Discussion on what cuts to make have already begun, as discussed further in the article. A 14% cut is needed, and the question, as ever, is whether to eliminate Sunday service or make deeper cuts to weekdays and Saturdays. There are significant city/suburb valences in this debate.
TCC has more. The Herald’s Traffic blog has an absurd amount of vote analysis.
* The State maximum is 0.9%


Off topic so delete this, but … [deleted]
From the Herald:
Well, maybe this will be a wake-up call to the students that voting matters. The difference was less than a thousand votes and there are roughly 14,000 students that get a “free” bus pass at WWU.
Wow, 900+ votes made the difference. Agreed, WWU students could have made the difference. I wonder though, how many of them are registered to vote in other counties?
Probably most of them (if they’re registered at all). My son changed his voter registration before the election but was still unable to vote. Strange rule that if he was a newly registered voter he would have be able to cast a ballot but because he was changing registration it had to be done 30 days prior to the election. He’s ready for next time but I’d bet 99% of the student body isn’t and I don’t think the YES campaign made any sort of outreach to the student body.
You are confusing Western students with Western’s campus. Only about 25% of Western students live on campus, and those who do are almost exclusively freshmen and sophomores. Most freshmen choose to remain registered to vote at their parent’s address. They think of Bellingham as a place they visit for 9 months rather than their new community. Over time, attitude changes and juniors and seniors tend to become more engaged in the broader community and are more likely to register and vote locally.
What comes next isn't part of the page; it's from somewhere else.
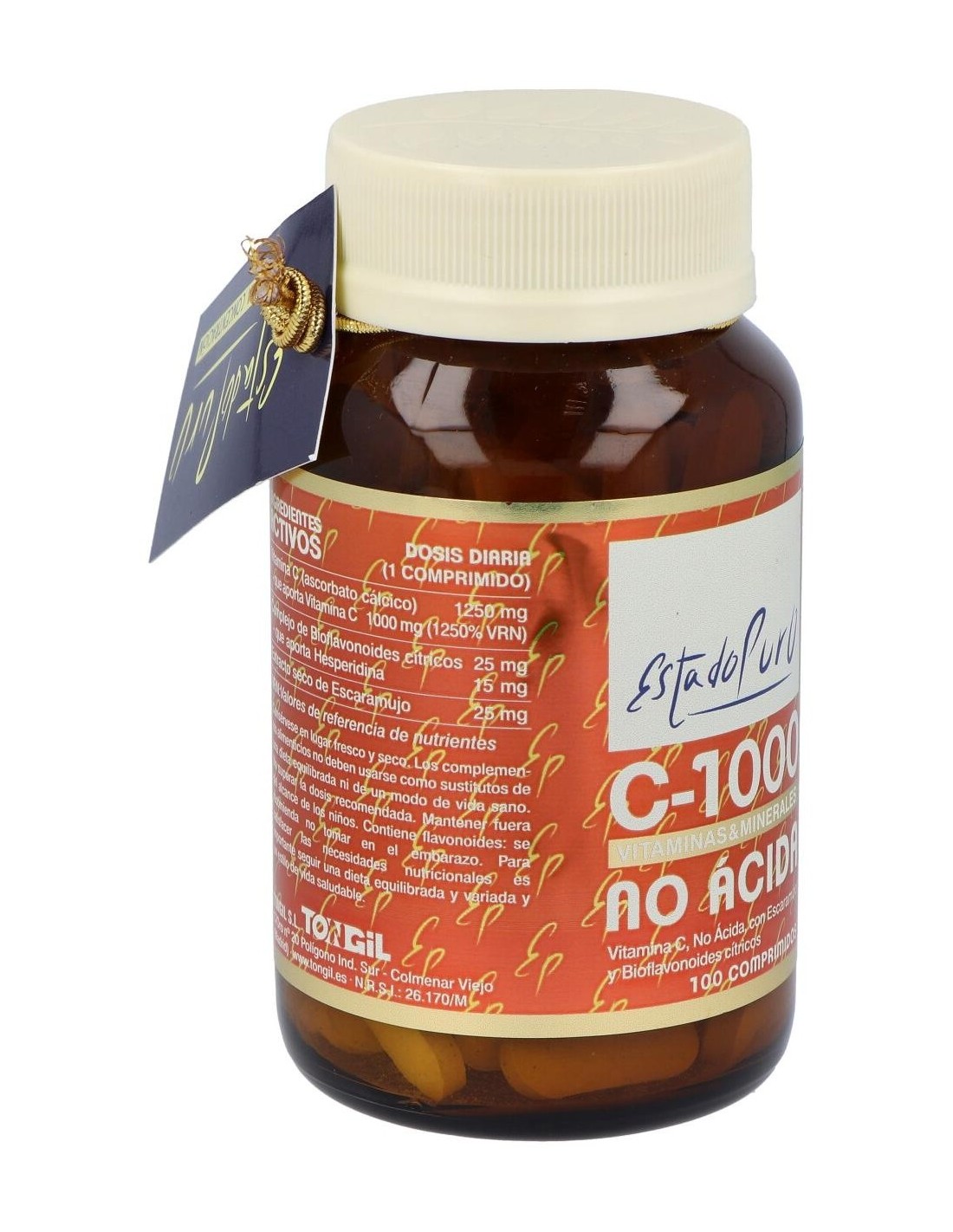 Vitamina C-1000 No Acida 100Comp. Estado Puro de Tongil

Additionally, students who live on campus are actually less likely to take the bus on a regular basis since they can walk to class, most don’t have off-campus jobs, and they all have meal plans and eat in the cafeterias.
Precincts 233 and 237 (the two “lowest turnout” precincts) consist almost entirely of on-campus housing. Between these two there were only 421 people registered at all, despite there being about 3,000 students living in the dorms in these two precincts.
If you look at the precincts which generally have high concentrations of Western Students (212, 213, 214, 215, 219, 221, 232, 234, 238, 240, 242, 248), you get an average turnout of 43%, which is fairly close to the county-wide average of 46%.
I suspect that Western students living off campus were a major part of why Bellingham voted so overwhelmingly in favor of the measure (65%) while the rest of the county voted it down.
Meanwhile Skagit Transit announces their May 4th service increases.
http://skat.org/index.cfm?do=page&pageID=36674
This is thanks to the sales tax increase approved last year.
Thought I’d throw in some detail:
“Skagit Transit has announced its plans to introduce an expanded level of transit service beginning May 4. Transit riders will benefit from increased service hours (earlier and later routes), additional trips on the Everett Express (Route 90X), new fixed and Dial-a-Ride routes, expanded Saturday service, and the re-introduction of Sunday service in urban areas.”
This news release is dated April 30, 2009. Most of these changes have already happened.
I seem to remember a few years ago Skagit Transit was in terrible shape. It’s so strange to me that they are adding Sunday service while Kitsap Transit, CT, WTA, and probably others, are cutting it out completely.
Skagit Transit recently had a sales tax increase approved.